The findings confirm a familiar principle in federated ADMET modelling: performance improves when contributions are complementary rather than large in volume. This shifts the usual single-partner mindset, that more data always gleans better models. The results show that representative and well-balanced datasets improve performance, whereas large quantities of marginal or domain-shifted data may not. This has direct implications for how ADMET collaborations should be designed. Contribution requirements need to account for chemical diversity, endpoint comparability, and assay consistency, not just raw volume. Imbalances in these dimensions can limit the benefit of joint training or lead to degraded calibration. These considerations are reflected in our current ADMET Network design, where endpoints are harmonized, units are aligned, and data contributions are evaluated with attention to their structural diversity. The federated setup then allows each organization to retain full control over its data and IP while still benefiting from a broader and more representative training domain.

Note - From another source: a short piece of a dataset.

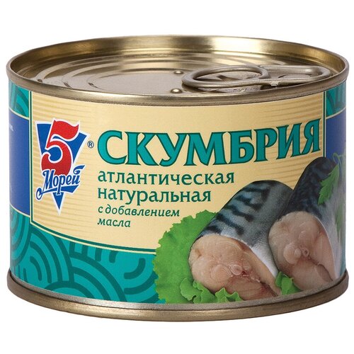 5 Морей Скумбрия атлантическая натуральная с добавлением масла, 750г(250 г по 3шт.)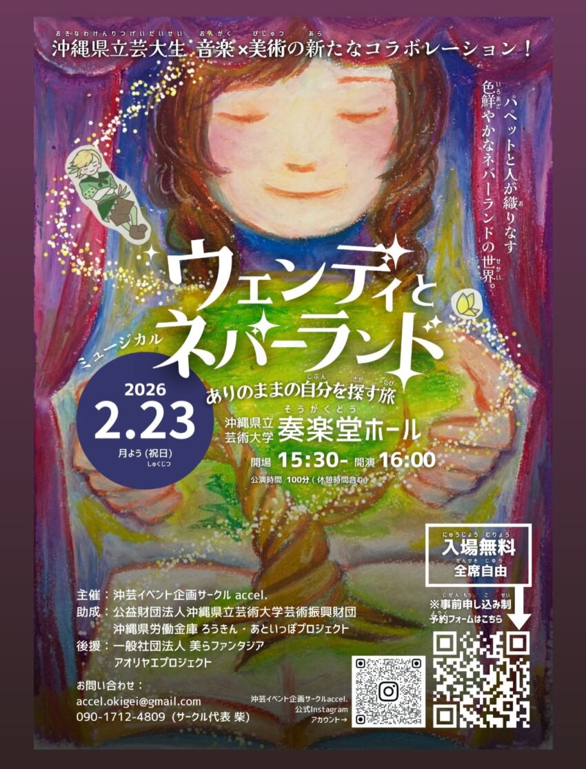 ★ミュージカル ウェンディとネバーランド~ありのまま自分を探す旅~・開場:15時30分/開演:16時・会場=沖縄県立芸術大学奏楽堂ホール(首里当蔵キャンパス)

The most interesting outcome from the study is not that multitask learning can help, but the conditions under which it does. The clearest gains appear when additional data introduce genuinely new chemical or assay space. Limited or overlapping contributions offer little benefit and can even reduce calibration when one source dominates the training set. This matters because ADMET prediction is often most valuable precisely where experimental data are sparse or at the limit of the applicability domain. Chemists rely on model-based hypotheses to explore ideas early, to prioritize compounds before assays are available, or to test directions that fall outside routine chemical series. In these settings, a model’s behavior in underrepresented regions is often more important than its accuracy on well-characterized scaffolds. Complementary data broaden these regions. Redundant data do not. The study also reinforces a broader point for collaborative ADMET efforts. Federated networks can provide access to a wider range of chemical and assay space, but the value comes from how contributions are selected and harmonized. Diversity, balance, and assay comparability shape the behavior of any collaborative model. When these elements are aligned, federated learning can support more reliable predictions in exactly the parts of chemical space where they are most needed.